Ye Wentao, Wu Jianghong, Zhang Wei, Sun Liyang, Dong Xue, Xu Shuogui
China-UK Low Carbon College, Shanghai Jiao Tong University, Shanghai 200240, China.
Xinqiao Hospital, Chongqing 400037, China.
Bioengineering (Basel). 2025 Jan 26;12(2):114. doi: 10.3390/bioengineering12020114.

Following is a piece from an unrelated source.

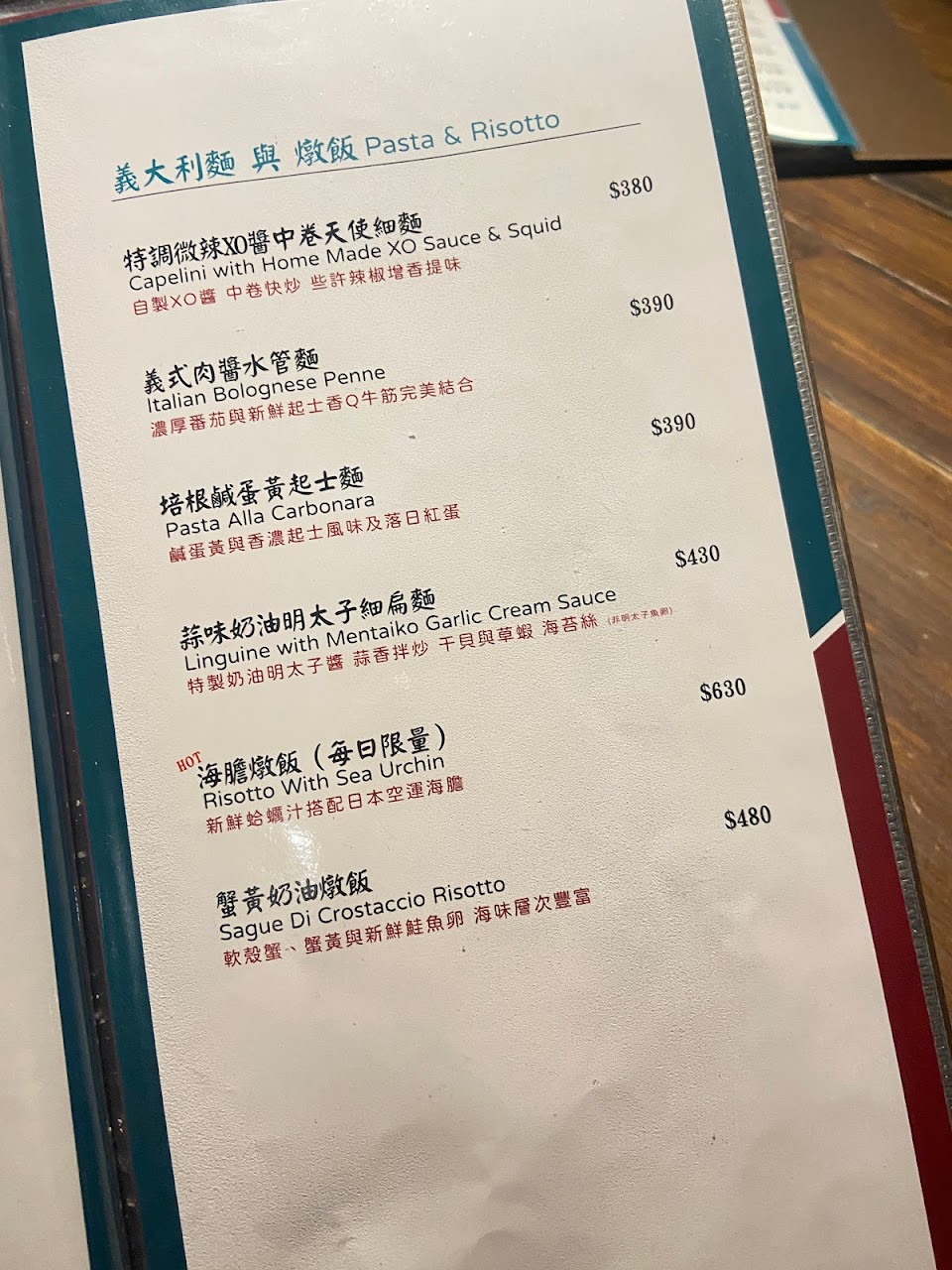 義大利麵&燉飯套餐 $600左右(主餐+$180為套餐,甜點另改選為派可折抵原價$30)

In image-guided surgery (IGS) practice, combining intraoperative 2D X-ray images with preoperative 3D X-ray images from computed tomography (CT) enables the rapid and accurate localization of lesions, which allows for a more minimally invasive and efficient surgery, and also reduces the risk of secondary injuries to nerves and vessels. Conventional optimization-based methods for 2D X-ray and 3D CT matching are limited in speed and precision due to non-convex optimization spaces and a constrained searching range. Recently, deep learning (DL) approaches have demonstrated remarkable proficiency in solving complex nonlinear 2D-3D registration. In this paper, a fast and robust DL-based registration method is proposed that takes an intraoperative 2D X-ray image as input, compares it with the preoperative 3D CT, and outputs their relative pose in x, y, z and pitch, yaw, roll. The method employs a dual-channel Swin transformer feature extractor equipped with attention mechanisms and feature pyramid to facilitate the correlation between features of the 2D X-ray and anatomical pose of CT. Tests on three different regions of interest acquired from open-source datasets show that our method can achieve high pose estimation accuracy (mean rotation and translation error of 0.142° and 0.362 mm, respectively) in a short time (0.02 s). Robustness tests indicate that our proposed method can maintain zero registration failures across varying levels of noise. This generalizable learning-based 2D (X-ray) and 3D (CT) registration algorithm owns promising applications in surgical navigation, targeted radiotherapy, and other clinical operations, with substantial potential for enhancing the accuracy and efficiency of image-guided surgery.
在图像引导手术(IGS)实践中,将术中二维X射线图像与术前计算机断层扫描(CT)的三维X射线图像相结合,能够快速、准确地定位病变,从而实现更微创、高效的手术,同时降低神经和血管二次损伤的风险。由于非凸优化空间和受限的搜索范围,传统的基于优化的二维X射线和三维CT匹配方法在速度和精度方面存在局限性。最近,深度学习(DL)方法在解决复杂的非线性二维-三维配准方面表现出了卓越的能力。本文提出了一种快速、稳健的基于深度学习的配准方法,该方法以术中二维X射线图像为输入,与术前三维CT进行比较,并输出它们在x、y、z方向以及俯仰、偏航、滚转方向上的相对姿态。该方法采用了配备注意力机制和特征金字塔的双通道Swin变压器特征提取器,以促进二维X射线特征与CT解剖姿态之间的相关性。对从开源数据集中获取的三个不同感兴趣区域进行的测试表明,我们的方法能够在短时间内(0.02秒)实现高精度的姿态估计(平均旋转误差和平移误差分别为0.142°和0.362毫米)。稳健性测试表明,我们提出的方法在不同噪声水平下均能保持零配准失败。这种基于可推广学习的二维(X射线)和三维(CT)配准算法在手术导航、靶向放疗和其他临床操作中具有广阔的应用前景,在提高图像引导手术的准确性和效率方面具有巨大潜力。